About this exercise: Once you find the line below that has "EnigmaticWorld Posted January", output it and every line after it exactly, stopping after the line that has "Na obrázku je", with no pictures.

Data shown:
________________

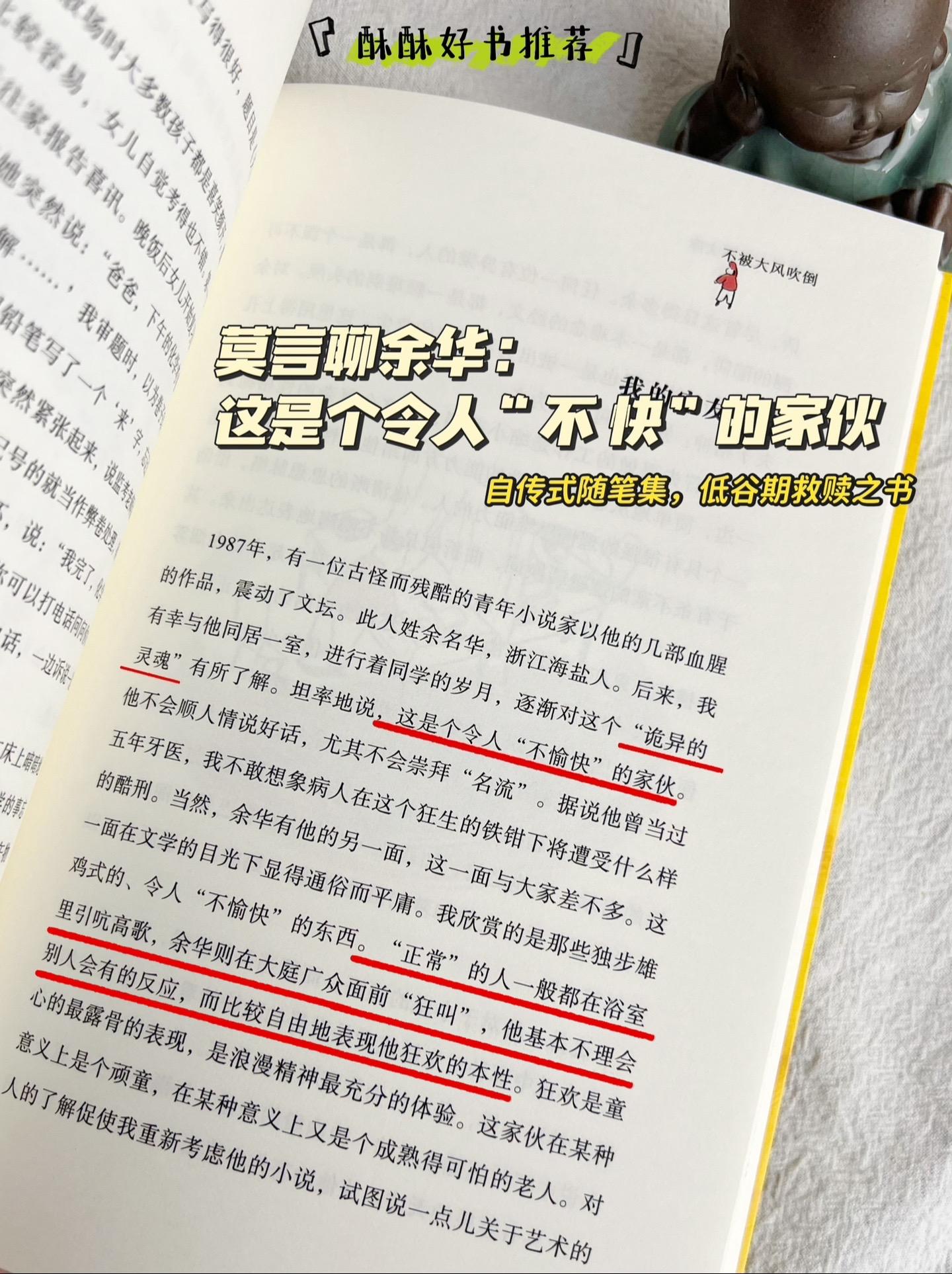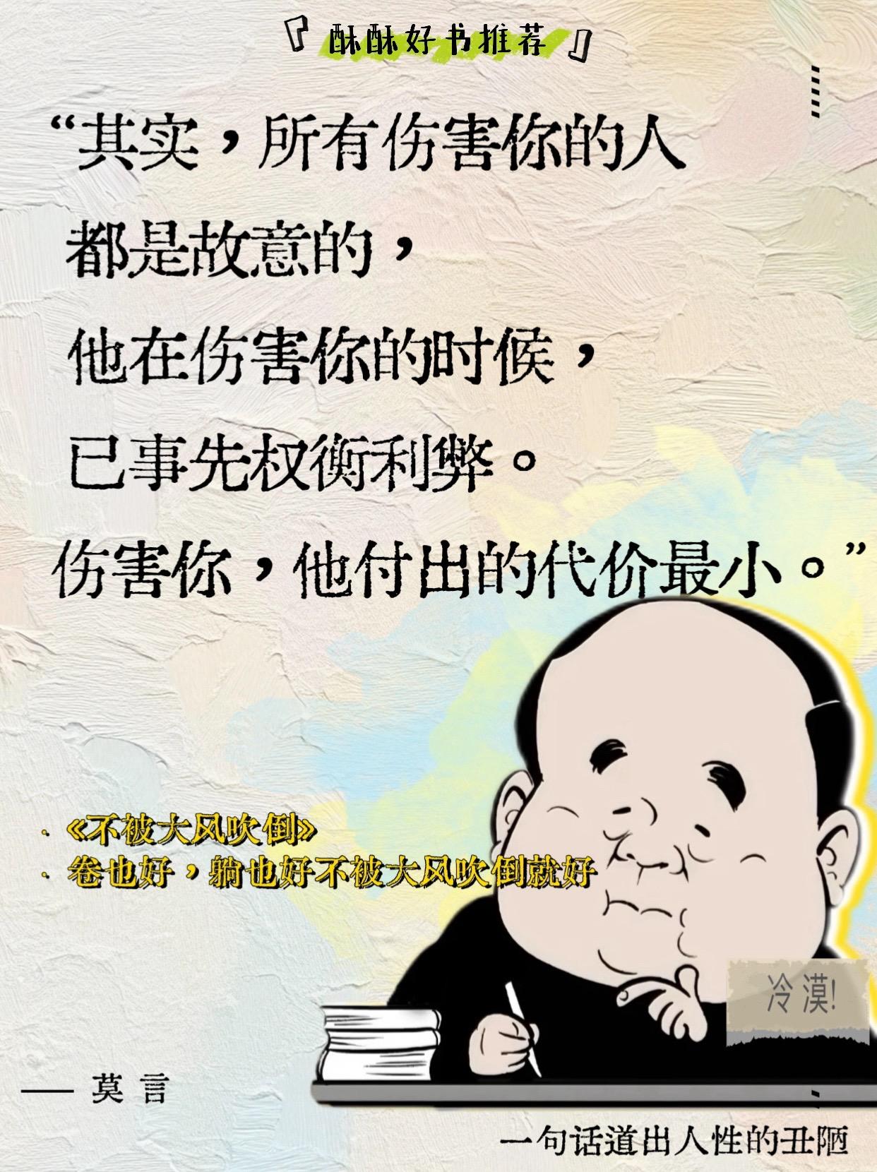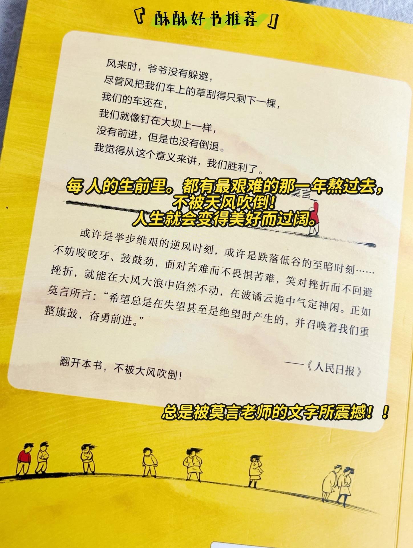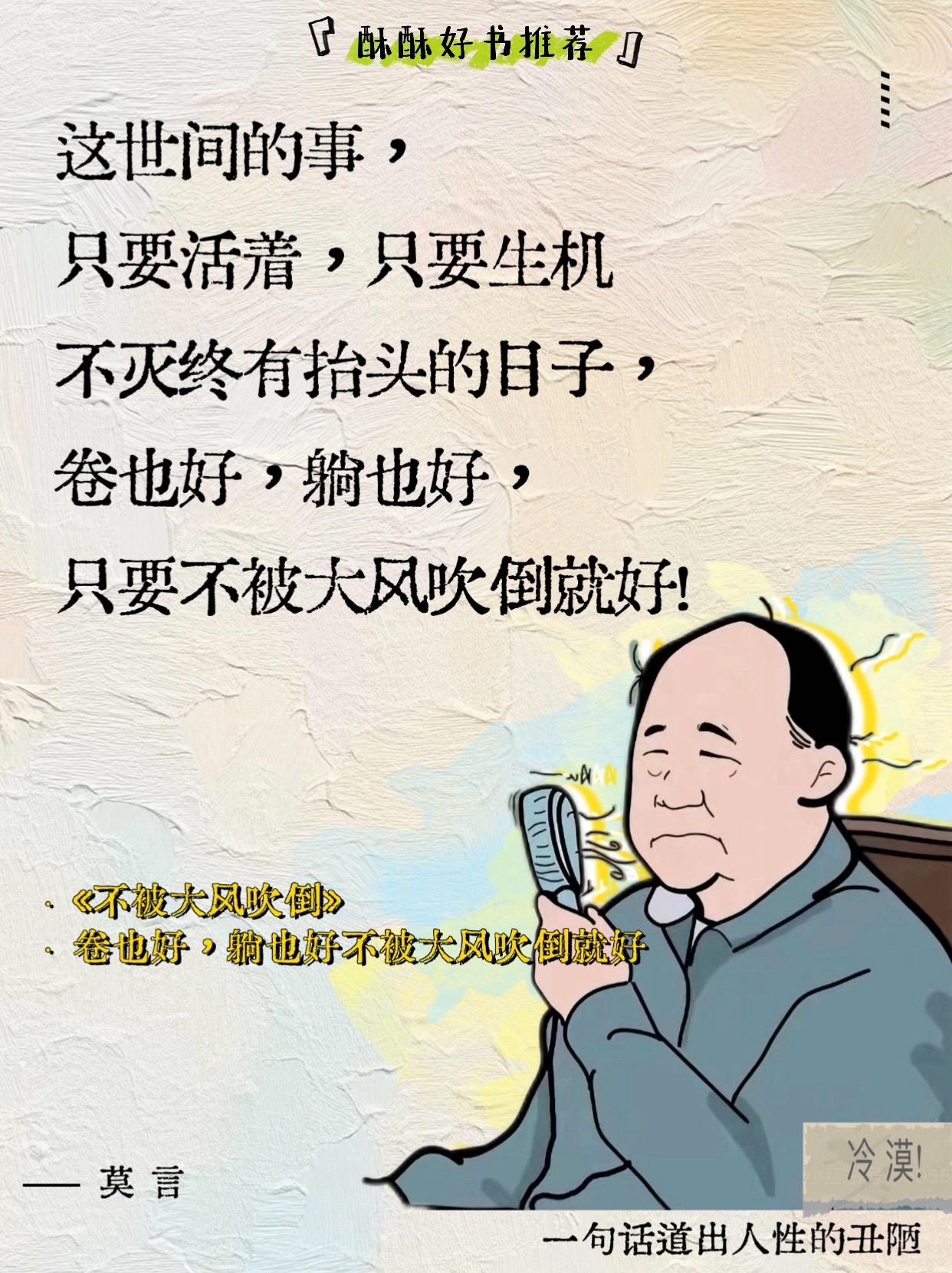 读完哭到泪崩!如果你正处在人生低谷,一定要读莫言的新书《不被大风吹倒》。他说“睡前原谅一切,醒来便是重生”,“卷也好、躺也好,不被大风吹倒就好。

________________

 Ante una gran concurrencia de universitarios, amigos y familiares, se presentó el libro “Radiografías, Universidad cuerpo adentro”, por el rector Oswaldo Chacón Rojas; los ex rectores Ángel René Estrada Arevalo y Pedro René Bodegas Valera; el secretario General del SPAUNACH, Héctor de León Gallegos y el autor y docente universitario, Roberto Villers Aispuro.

________________

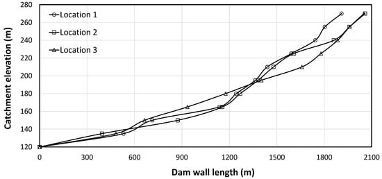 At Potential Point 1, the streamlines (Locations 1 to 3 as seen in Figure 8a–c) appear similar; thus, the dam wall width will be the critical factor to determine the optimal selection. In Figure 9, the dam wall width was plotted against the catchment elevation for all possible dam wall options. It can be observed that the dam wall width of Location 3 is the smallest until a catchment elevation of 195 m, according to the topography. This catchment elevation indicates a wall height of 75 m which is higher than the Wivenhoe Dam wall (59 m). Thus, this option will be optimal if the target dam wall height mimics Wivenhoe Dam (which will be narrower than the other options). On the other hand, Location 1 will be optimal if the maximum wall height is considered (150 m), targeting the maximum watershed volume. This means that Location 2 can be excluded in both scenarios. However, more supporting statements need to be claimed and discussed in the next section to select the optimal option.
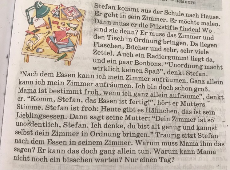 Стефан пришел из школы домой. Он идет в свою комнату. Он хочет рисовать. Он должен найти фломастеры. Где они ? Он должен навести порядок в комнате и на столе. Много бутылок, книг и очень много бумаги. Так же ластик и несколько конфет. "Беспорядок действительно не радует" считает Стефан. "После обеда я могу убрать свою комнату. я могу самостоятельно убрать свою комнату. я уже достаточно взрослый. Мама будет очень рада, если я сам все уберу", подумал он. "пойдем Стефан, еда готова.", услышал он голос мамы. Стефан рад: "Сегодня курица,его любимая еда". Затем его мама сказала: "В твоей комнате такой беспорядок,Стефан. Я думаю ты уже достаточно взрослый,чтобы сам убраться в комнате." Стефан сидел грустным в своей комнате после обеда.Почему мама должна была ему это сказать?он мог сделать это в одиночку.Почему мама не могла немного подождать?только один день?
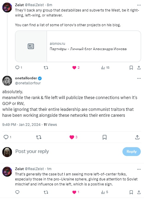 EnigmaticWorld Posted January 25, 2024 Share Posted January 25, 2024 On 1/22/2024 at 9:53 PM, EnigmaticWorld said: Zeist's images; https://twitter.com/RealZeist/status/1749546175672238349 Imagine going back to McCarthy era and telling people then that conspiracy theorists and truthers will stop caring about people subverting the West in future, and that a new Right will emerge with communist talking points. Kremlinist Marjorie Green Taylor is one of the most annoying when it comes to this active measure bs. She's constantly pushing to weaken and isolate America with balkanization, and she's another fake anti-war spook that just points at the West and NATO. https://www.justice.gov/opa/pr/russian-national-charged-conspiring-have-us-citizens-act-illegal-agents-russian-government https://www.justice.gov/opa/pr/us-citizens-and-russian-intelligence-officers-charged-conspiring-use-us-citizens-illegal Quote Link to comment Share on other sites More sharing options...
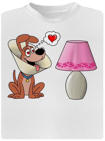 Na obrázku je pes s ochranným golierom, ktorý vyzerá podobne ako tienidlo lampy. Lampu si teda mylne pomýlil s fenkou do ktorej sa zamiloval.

________________

Response to this task:
 EnigmaticWorld Posted January 25, 2024 Share Posted January 25, 2024 On 1/22/2024 at 9:53 PM, EnigmaticWorld said: Zeist's images; https://twitter.com/RealZeist/status/1749546175672238349 Imagine going back to McCarthy era and telling people then that conspiracy theorists and truthers will stop caring about people subverting the West in future, and that a new Right will emerge with communist talking points. Kremlinist Marjorie Green Taylor is one of the most annoying when it comes to this active measure bs. She's constantly pushing to weaken and isolate America with balkanization, and she's another fake anti-war spook that just points at the West and NATO. https://www.justice.gov/opa/pr/russian-national-charged-conspiring-have-us-citizens-act-illegal-agents-russian-government https://www.justice.gov/opa/pr/us-citizens-and-russian-intelligence-officers-charged-conspiring-use-us-citizens-illegal Quote Link to comment Share on other sites More sharing options...
 Na obrázku je pes s ochranným golierom, ktorý vyzerá podobne ako tienidlo lampy. Lampu si teda mylne pomýlil s fenkou do ktorej sa zamiloval.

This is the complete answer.